What you need to do
Could you please retype exactly the lines from the start of the records below through the line that contains "Landmark Extraction 10", both included, and leave out the pictures?

Input data
= = = =
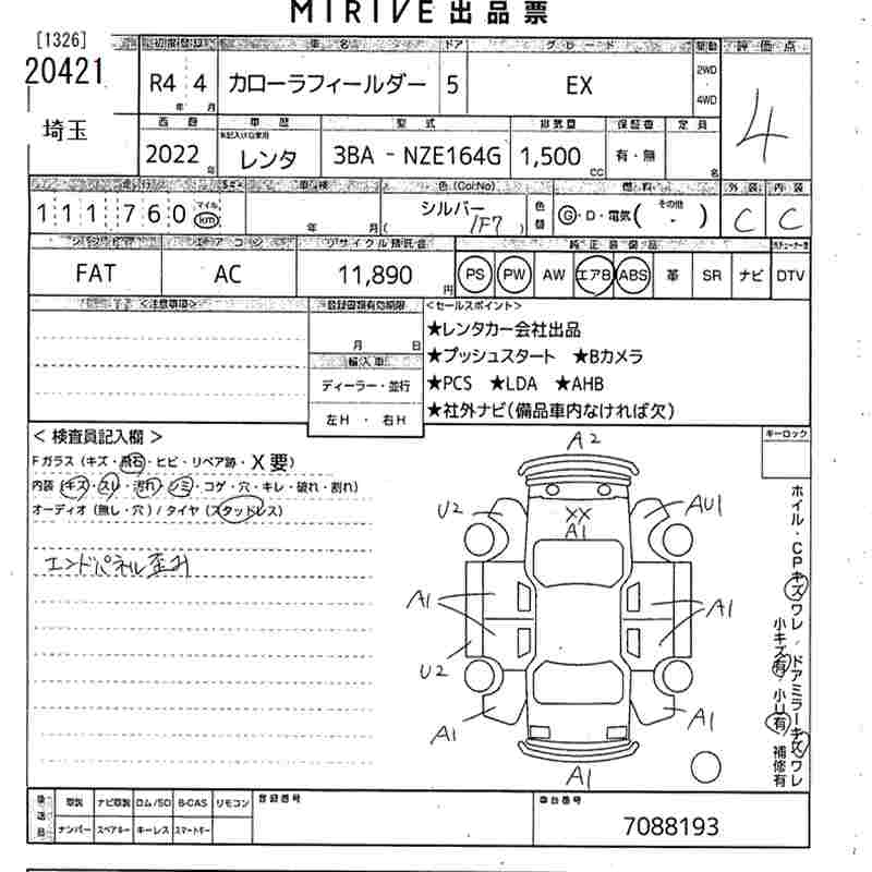 TOYOTA COROLLA FIELDER - лот 20421
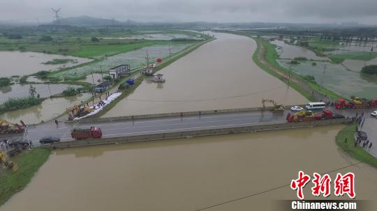 南京市溧水区雨水持续不断,秦淮河上游二干河上的开泰桥和石坝桥段,出现较严峻险情。 郭亚楠 摄
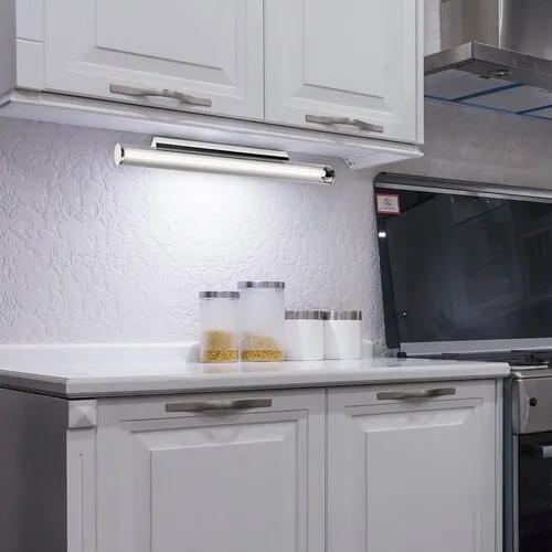 Paula termékcsaládunk új, beépített LED-es taggal bővült! Modern, egyszerű formavilág jellemzi ezt a praktikus pultmegvilágító lámpát. A króm színű fém lámpatest üveg és műanyag kombinációvan készült, lekerekített lámpabúra egészíti ki. Paula lámpánk 59 cm széles, IP20-as védelemmel rendelkezik. Ez a fali lámpa beépített LED fényforrást tartalmaz, mely 12 W teljesítmény mellett 1000 lumenes fényerőt és 4000 Kelvines, természetes fehér színű fényt biztosít. A termékben a fényforrás nem cserélhető. A Paula pultmegvilágító lámpára 5 év garanciát biztosítunk!
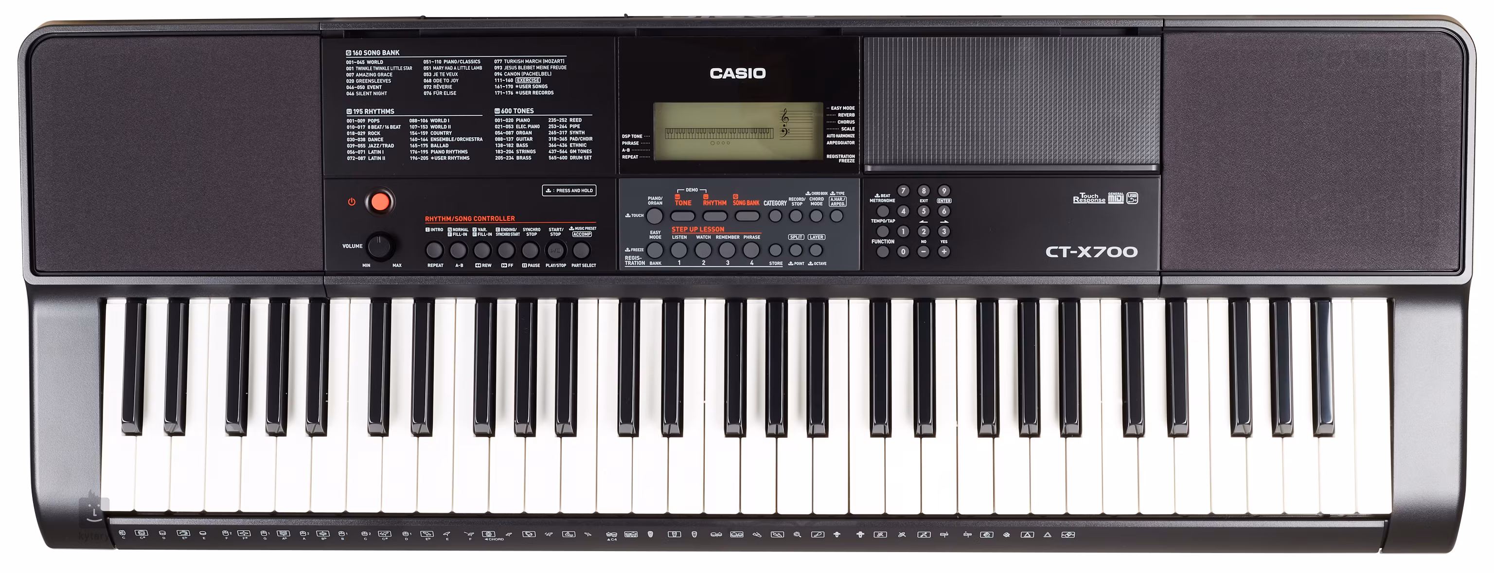 Casio CT-X700 to wszechstronny keyboard, który zaskakuje bardzo zaawansowanym brzmieniem porównywalnym z dużo droższymi instrumentami w swoim przedziale cenowym. Oprócz starannie nagranego koncertowego fortepianu, dostępnych jest ponad 600 różnych instrumentów, w tym zabytkowe pianina elektryczne, flet, trąbka, saksofon, bas i smyczki. Instrumenty reagują na dynamikę gry, więc brzmienie np. kontrabasu zmienia się w podobny sposób jak technika ręki, a saksofon ma naturalne vibrato.
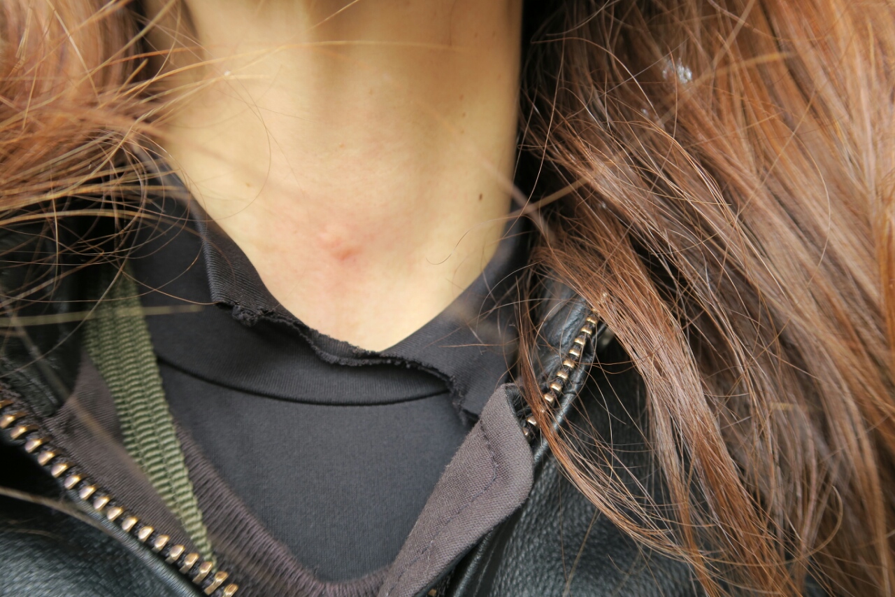 少し暑かったため、ジャケットの前のファスナーを開けていたのですが、そこから蜂が侵入して刺されてしまったようでした。すぐに安全な場所にバイクを停め、確認しましたが、すでに赤くなっていました。
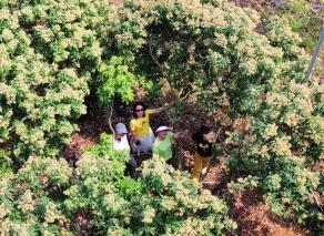 商报全媒体讯(椰网/海拔新闻记者 杨燕 摄影报道)三月春浓,海口永兴镇的万亩荔枝林悄然披上“素雅的白装”,连绵起伏的花海在火山岩间绽放春的美丽。清新素雅的荔枝花缀满枝头,引得蜂群流连翩跹。农户轻抚花枝笑道:“今年花苞比去年密得多,枝头都快压弯了,5月定是满山红果!”
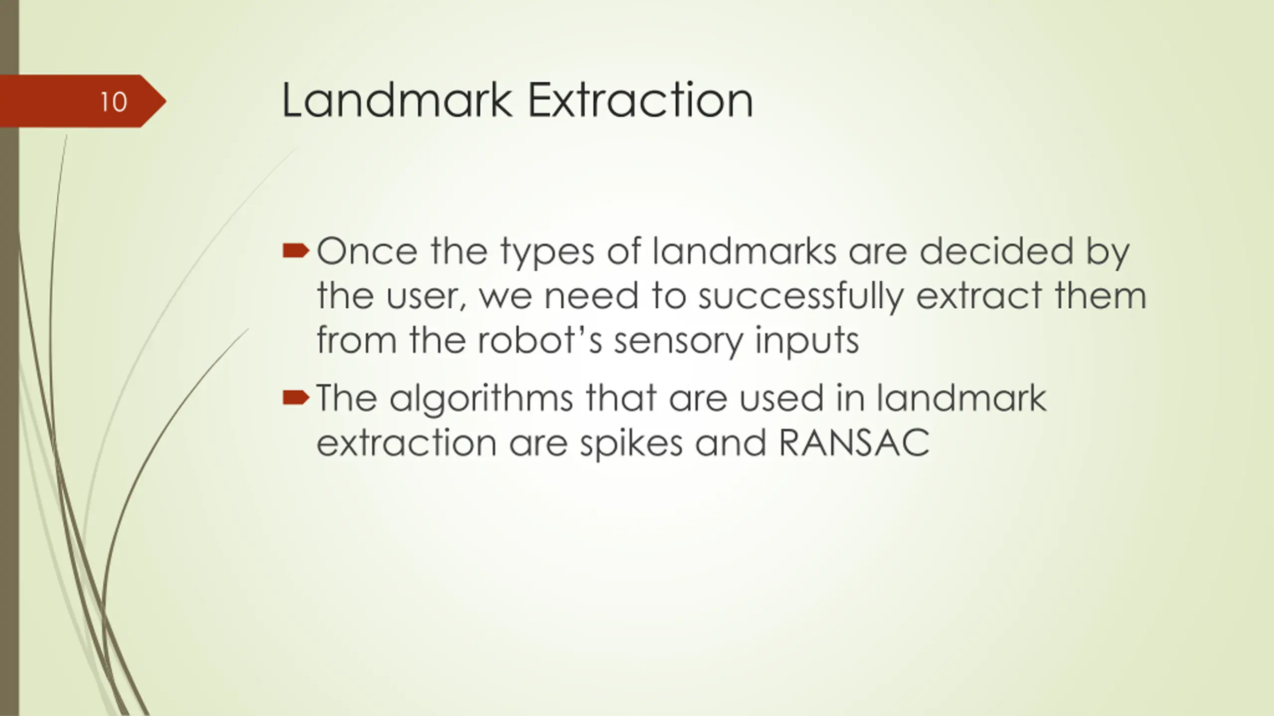 Landmark Extraction 10 Once the types of landmarks are decided by the user, we need to successfully extract them from the robot s sensory inputs The algorithms that are used in landmark extraction are spikes and RANSAC
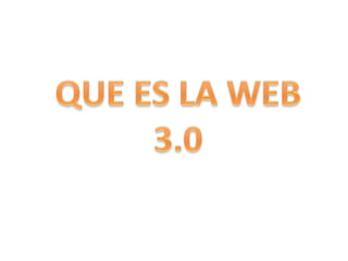 La Web 2.0 se refiere a la transición de aplicaciones de escritorio a aplicaciones basadas en la web enfocadas en los usuarios. El término fue acuñado por Dale Dougherty en 2004 para describir el resurgimiento y evolución de la web, caracterizado por nuevas aplicaciones con funcionalidades sorprendentes. Algunos principios clave de la Web 2.0 incluyen la web como plataforma, la información que impulsa Internet, la innovación descentralizada, y servicios en constante mejora. La Web 3.0 se refiere a las próxim
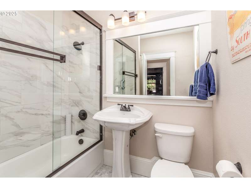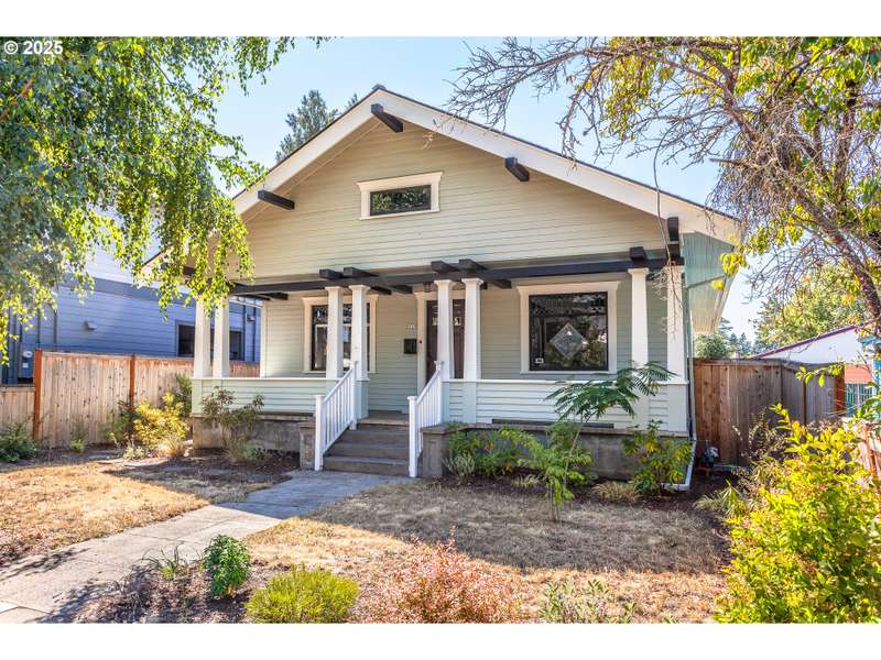 Stunning Woodstock craftsman bungalow! A rare find, this one is the best of both worlds, totally updated, with all the charm and character still intact! Gleaming hardwoods, and an open living room with dark wood crown molding, built-ins, leaded glass windows, and cozy fireplace. Elegant dining room featuring box beam ceilings, leaded glass, wainscoting, and a classic built in buffet. Updated kitchen with granite counters, stainless appliances and breakfast nook. Generous sized bedrooms including a wonderful primary suite complete with tile walk in shower, and French doors to the large backyard deck! Double doors off the living room lead to the office with more beautiful woodwork, and leaded glass windows. Tons of potential in the open basement for storage, hobby room, or possible living space. Large front porch, detached garage, and new roof, all in the heart of Woodstock, close to shopping, restaurants, transit and more! This is a must see! [Home Energy Score = 4. HES Report at https://rpt.greenbuildingregistry.com/hes/OR10193894]
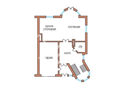 1 этаж: тамбур, холл, кухня-столовая, гостиная с камином и выходом на участок, с/у, гараж.
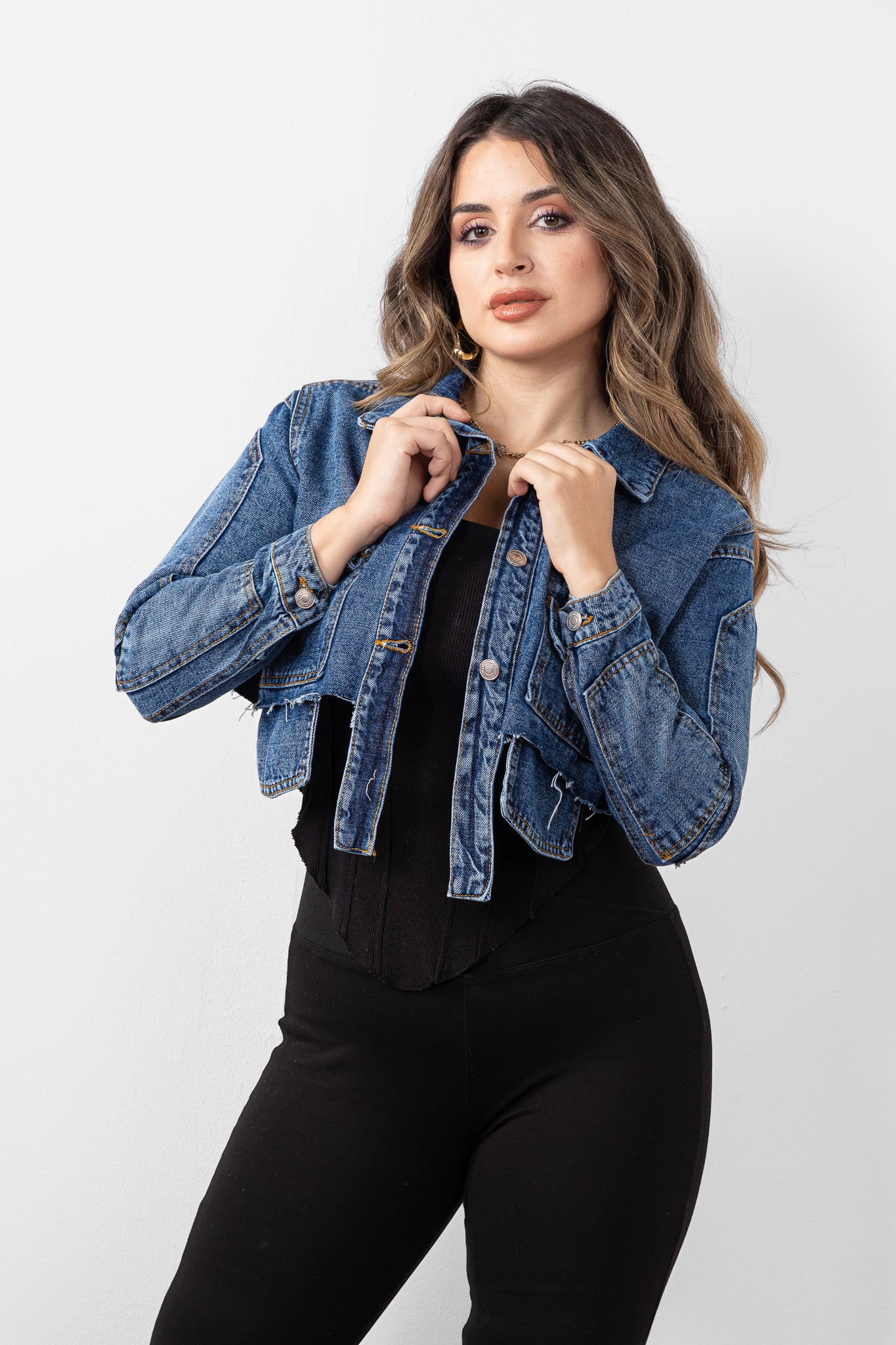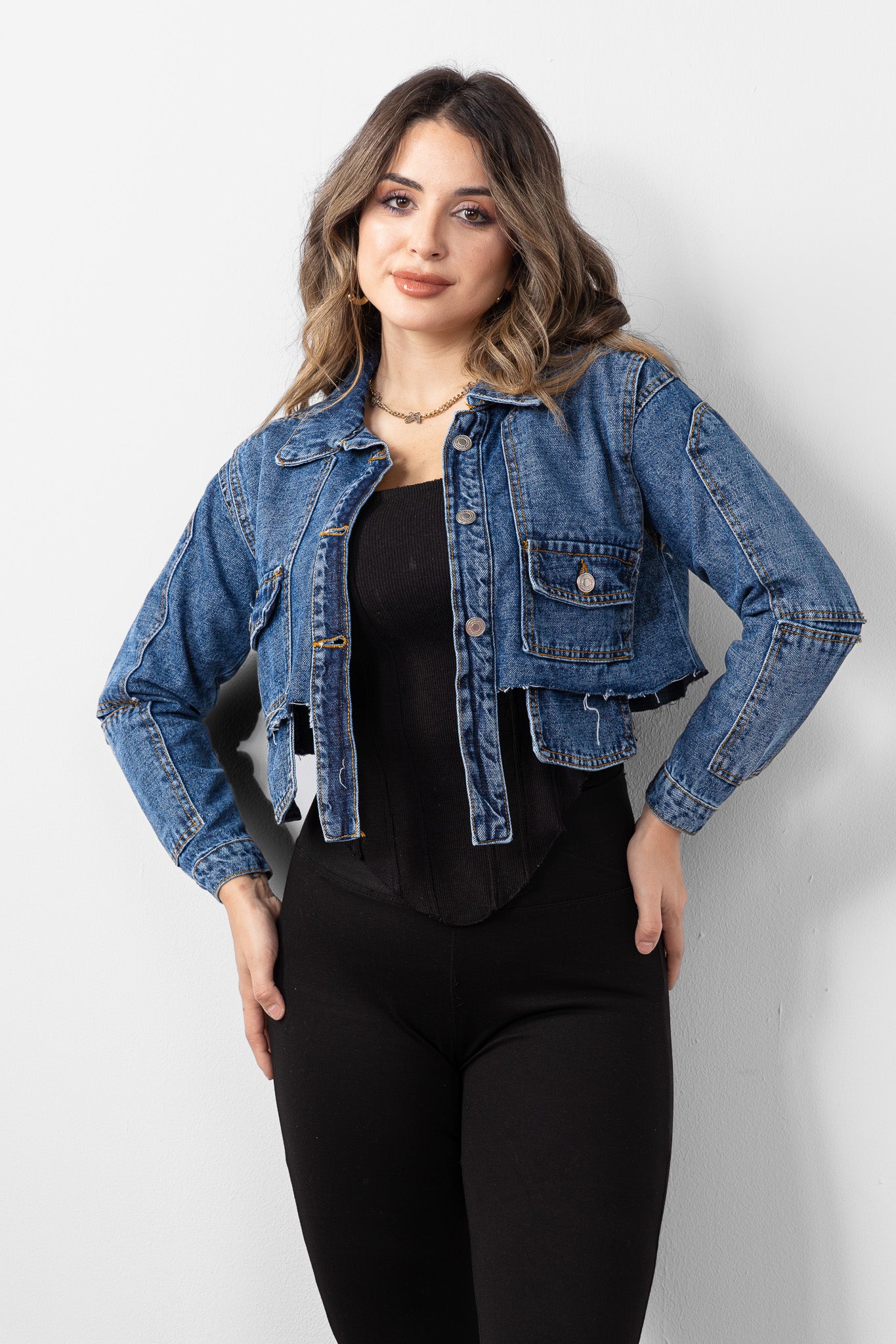 This cropped denim jacket features bold utility pockets, a boxy silhouette, and raw-cut edges that redefine casual cool.
= = = =
Task output
 TOYOTA COROLLA FIELDER - лот 20421
 南京市溧水区雨水持续不断,秦淮河上游二干河上的开泰桥和石坝桥段,出现较严峻险情。 郭亚楠 摄
 Paula termékcsaládunk új, beépített LED-es taggal bővült! Modern, egyszerű formavilág jellemzi ezt a praktikus pultmegvilágító lámpát. A króm színű fém lámpatest üveg és műanyag kombinációvan készült, lekerekített lámpabúra egészíti ki. Paula lámpánk 59 cm széles, IP20-as védelemmel rendelkezik. Ez a fali lámpa beépített LED fényforrást tartalmaz, mely 12 W teljesítmény mellett 1000 lumenes fényerőt és 4000 Kelvines, természetes fehér színű fényt biztosít. A termékben a fényforrás nem cserélhető. A Paula pultmegvilágító lámpára 5 év garanciát biztosítunk!
 Casio CT-X700 to wszechstronny keyboard, który zaskakuje bardzo zaawansowanym brzmieniem porównywalnym z dużo droższymi instrumentami w swoim przedziale cenowym. Oprócz starannie nagranego koncertowego fortepianu, dostępnych jest ponad 600 różnych instrumentów, w tym zabytkowe pianina elektryczne, flet, trąbka, saksofon, bas i smyczki. Instrumenty reagują na dynamikę gry, więc brzmienie np. kontrabasu zmienia się w podobny sposób jak technika ręki, a saksofon ma naturalne vibrato.
 少し暑かったため、ジャケットの前のファスナーを開けていたのですが、そこから蜂が侵入して刺されてしまったようでした。すぐに安全な場所にバイクを停め、確認しましたが、すでに赤くなっていました。
 商报全媒体讯(椰网/海拔新闻记者 杨燕 摄影报道)三月春浓,海口永兴镇的万亩荔枝林悄然披上“素雅的白装”,连绵起伏的花海在火山岩间绽放春的美丽。清新素雅的荔枝花缀满枝头,引得蜂群流连翩跹。农户轻抚花枝笑道:“今年花苞比去年密得多,枝头都快压弯了,5月定是满山红果!”
 Landmark Extraction 10 Once the types of landmarks are decided by the user, we need to successfully extract them from the robot s sensory inputs The algorithms that are used in landmark extraction are spikes and RANSAC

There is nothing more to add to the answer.